14. The system of claim 13, wherein the first parameter comprises at least one of a chemical composition of the portion of the battery, a dimension of the portion of the battery, or a micro-structure of the portion of the battery.
15. The system of claim 13, wherein the second parameter comprises at least one of a heat of reaction, an activation energy, or an Arrhenius pre-factor.
16. The system of claim 13, wherein the testing apparatus further comprises:
a transparent vessel;
a plurality of wires extending through a sealed port of the transparent vessel through which a voltage is applied to cause a spark at a sample initiating point; and
a gas-extraction device extracting a sample of gases inside the transparent vessel, after the thermal reaction.
17. The system of claim 16, wherein the gas-extraction device comprises a balloon.
18. The system of claim 16, wherein the gas-extraction device comprises a syringe.
19. The system of claim 13, wherein the portion of the battery includes an electrode layer comprising an electrode active material, a binder, and a current collector.

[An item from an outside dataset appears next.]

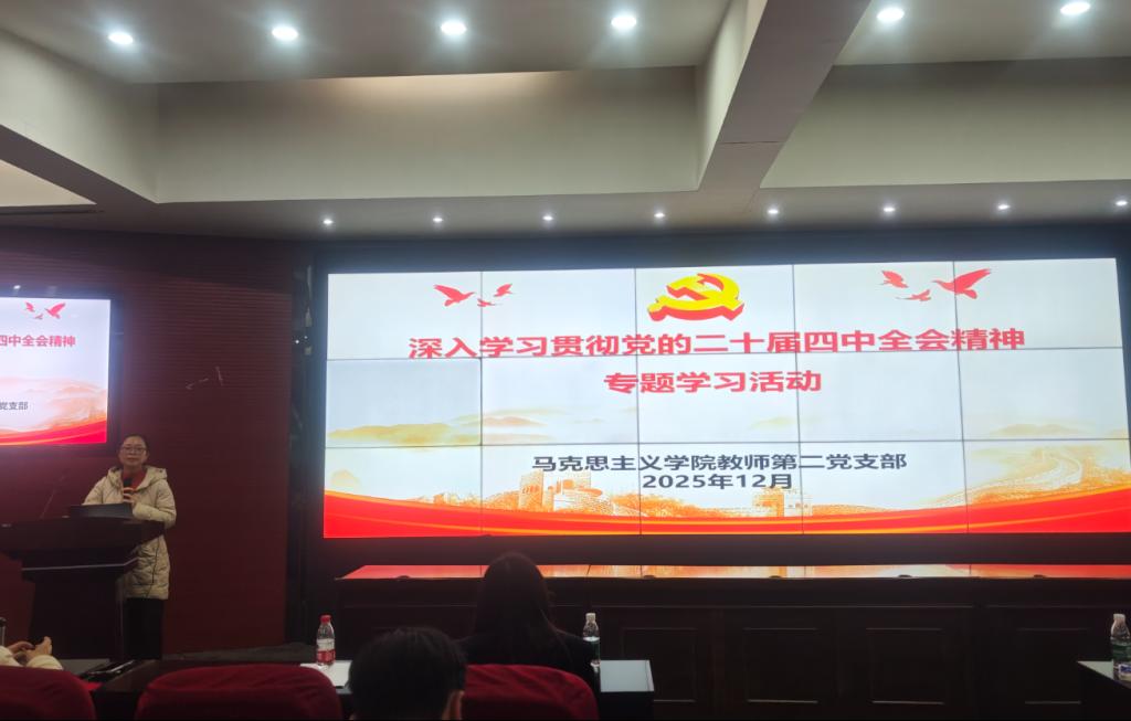 为深入学习贯彻党的二十届四中全会精神,进一步加强支部建设,马克思主义学院教师第二党支部于12月29日下午在新时代讲习所召开党员大会,全面总结2025年度党建工作,并组织开展专题理论学习和教师座谈会。会议由教师第二党支部书记陈晓晨副教授主持,支部全体党员教师参加。

20. The system of claim 13, wherein applying the first parameter to the thermal model includes causing the processor to execute a parametric sweep that varies one or more variables of the thermal model.
21. The system of claim 13, wherein the thermal model includes a finite element analysis simulation of thermal physics for the thermal runaway.
22. The system of claim 13, wherein the thermal model combines a macro-scale thermal model with an atomic-scale kinetic model.
23. The system of claim 13, wherein the measurement device is a visual-capturing device comprising a sampling rate and resolution sufficient to capture a plurality of images of the thermal reaction based on the rate of propagation of the thermal reaction across the sample.